In major sales, a supplier’s sales person will try to identify the type of buyer they are dealing with. In most major procurement activities there are at least five buying influences.
1. The funder. Their focus is price, performance and return on investment (ROI)
2.The user. This is someone who will actually use the product or service. Their focus is on making their job easier.
3. The champion for the purchase. This individual may advocate the purchase as part of solving a problem or improving performance. Their focus is on making the problem go away or getting improvements
4.The technical influence. They can have veto power over a decision on technical grounds. Their focus is on the technical fit of the purchase
5.The procurement person.
For the sales person to be successful they need to know who will be making the decision and how to focus on them, as each will be looking for different results. My preference is to always keep “the funder” away from the sales people until I want to involve them. The reason for that is in the supplier’s dealing with the users, the champion or the technical influence, the supplier will begin to form an opinion about how they perceive their and other suppliers chances of getting the business. The more they know you need or want them the less competitive they feel they need to be. This has a negative impact on the procurement person’s ability to negotiate price.

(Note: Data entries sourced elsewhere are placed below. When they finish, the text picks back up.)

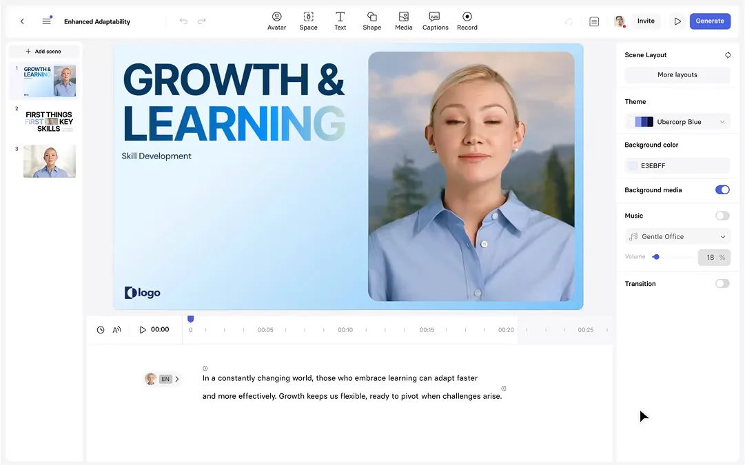 AI videos created with Synthesia allow companies to be agile and consistent in all types of internal communications and training. It is an engaging format that can be easily updated, translated and customised which all in all fosters a more informed, skilled, and motivated workforce, driving the success of the organization's learning initiatives and productivity.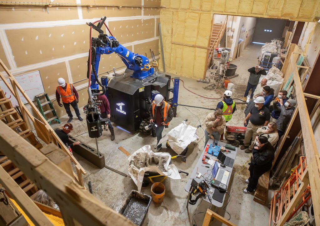 In addition, the 3D-printed wall panels for the Toano home are being produced using a large-scale Tvasta concrete printer owned by Virginia Housing and made available at no cost to nonprofits statewide to encourage innovation in housing construction. The specialized concrete mix and pump mechanism used for printing was developed by Hive3D. The mix is approximately three times less expensive than other materials previously used, while maintaining durability and performance standards.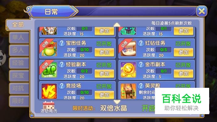 进入日常活动界面,在列表中点击“金币副本”,每日可参加1次,完成后获得5点活跃度。

This is where “the funder” can be used to assist in the negotiation of the price and can help level the playing field. While a supplier may know that they have a solution that is preferred against other suppliers, what they don’t know is all the other problems or investments “the funder” has to consider in terms of whether to fund this purchase. “The funder” will look upon the purchase from a strictly financial results perspective. How does it fit within their available budget? How does it compare with all the other investments they need to make? What is the ROI from this purchase versus other investments?

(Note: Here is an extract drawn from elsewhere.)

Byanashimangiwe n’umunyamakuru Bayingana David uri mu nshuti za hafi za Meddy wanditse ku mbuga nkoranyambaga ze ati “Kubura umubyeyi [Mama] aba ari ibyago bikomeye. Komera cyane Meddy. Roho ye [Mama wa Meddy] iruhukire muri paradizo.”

“The funder” can send the message that if the supplier wants to make the sale, and have him or her invest in solving this problem versus other investments they need to make, the supplier needs to provide them with a better ROI. To improve the ROI the supplier has only two options and both of them are good for the buyer. They can provide more at the same price, such as extended warranty or other services or they can reduce the price. When a buyer tells a supplier they need to lower their price the supplier knows that’s the buyer’s job and they may still not lose the business if everyone else on the decision team wants that solution. When the funder tells a supplier they need to improve their ROI or risk losing the sale it’s a different message. If the funder doesn’t agree, the odds are high that they will lose the sale.